The embodiment provides a flight control assembly, which is arranged on a mobile device to reduce the thickness of the flight control assembly, improve the heat dissipation efficiency of a flight control panel 5, quickly and effectively realize the positioning of the flight control panel 5, and further improve the assembly efficiency of the flight control assembly.

Referring to fig. 1, the flight control assembly provided in this embodiment includes a flight control module 10. Preferably, the flight control assembly further includes an interface board 20, and the flight control module 10 is disposed on the interface board 20 and communicatively connected to the interface board 20.

As shown in fig. 1-3, flight control module 10 includes a housing 1, a connecting plate 4, a flight control plate 5, and a damping member 2. The casing 1 is used for fixing components such as a flight control panel 5; the flight control panel 5 is used for controlling the flight of the mobile equipment; the connecting plate 4 is used for connecting the flight control plate 5, so that the flight control plate 5 is conveniently fixed in the shell 1; the vibration damping piece 2 is used for realizing vibration damping of the flight control panel 5 and avoiding damage to the flight control panel 5.

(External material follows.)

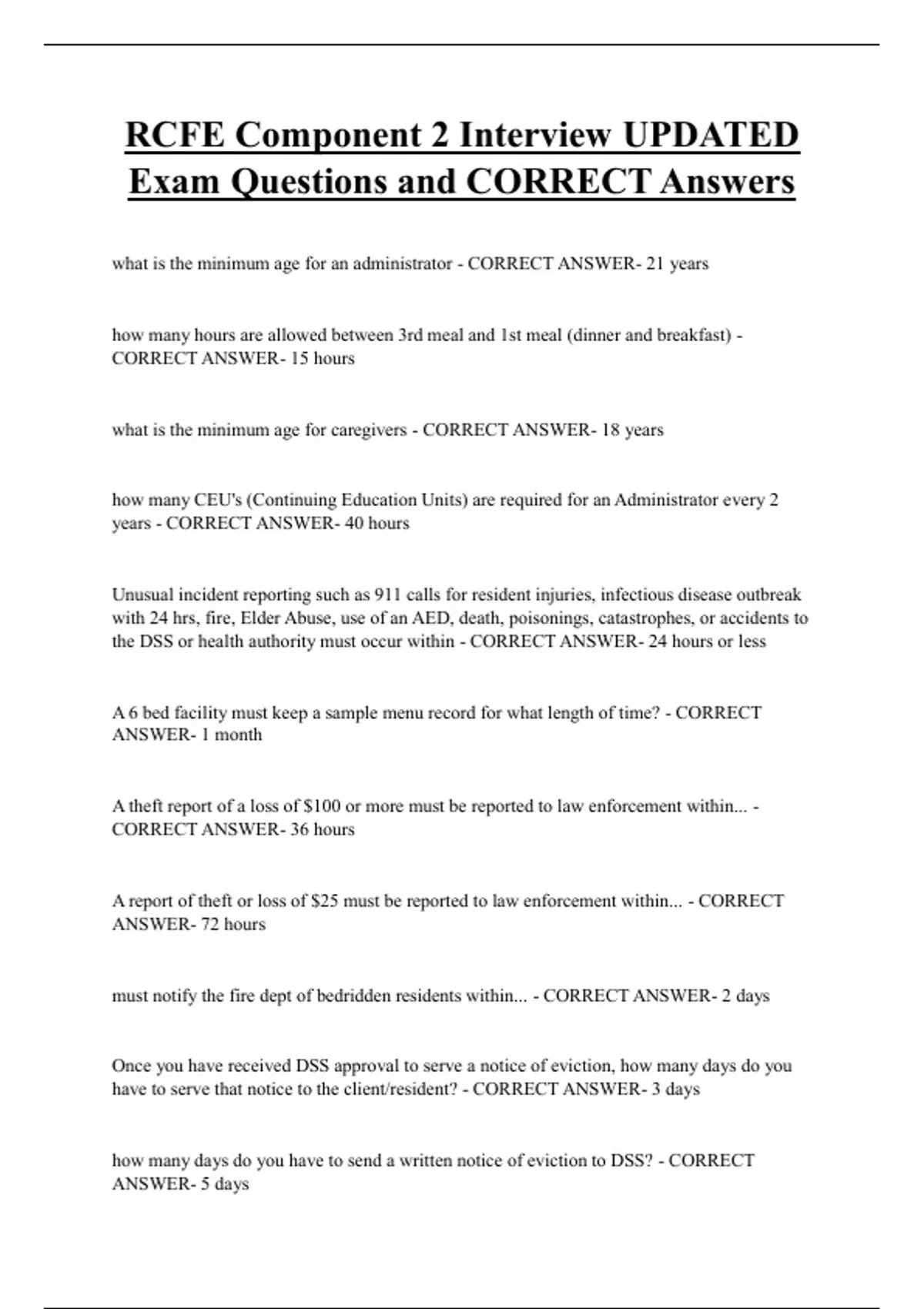 RCFE Component 2 Interview UPDATED Exam Questions and CORRECT Answers what is the minimum age for an administrator - CORRECT ANSWER- 21 years how many hours are allowed between 3rd meal and 1st meal (dinner and breakfast) - CORRECT ANSWER- 15 hours what is the minimum age for caregivers - CORRECT ANSWER- 18 years how many CEU's (Continuing Education Units) are required for an Administrator every 2 years - CORRECT ANSWER- 40 hours

Specifically, the housing 1 has an accommodating cavity, two vibration damping members 2 are arranged in the accommodating cavity at intervals along a first direction, and the two vibration damping members 2 are respectively abutted to the inner wall of the accommodating cavity. The connecting plate 4 is clamped between the two vibration dampers 2, one side of the connecting plate 4 is provided with a positioning boss 41, the vibration damper 2 adjacent to the positioning boss 41 is provided with a positioning hole 22, and the positioning boss 41 is inserted into the positioning hole 22. In the present embodiment, the positioning hole 22 is disposed through the damping member 2 along the first direction, but in other embodiments, the positioning hole 22 may be a blind hole, and the positioning hole 22 only needs to be capable of positioning the positioning boss 41. The flight control panel 5 is disposed on a side of the connecting plate 4 away from the positioning boss 41, the damping member 2 adjacent to the flight control panel 5 is provided with a receiving hole 21 penetrating along a first direction, and the flight control panel 5 is disposed in the receiving hole 21.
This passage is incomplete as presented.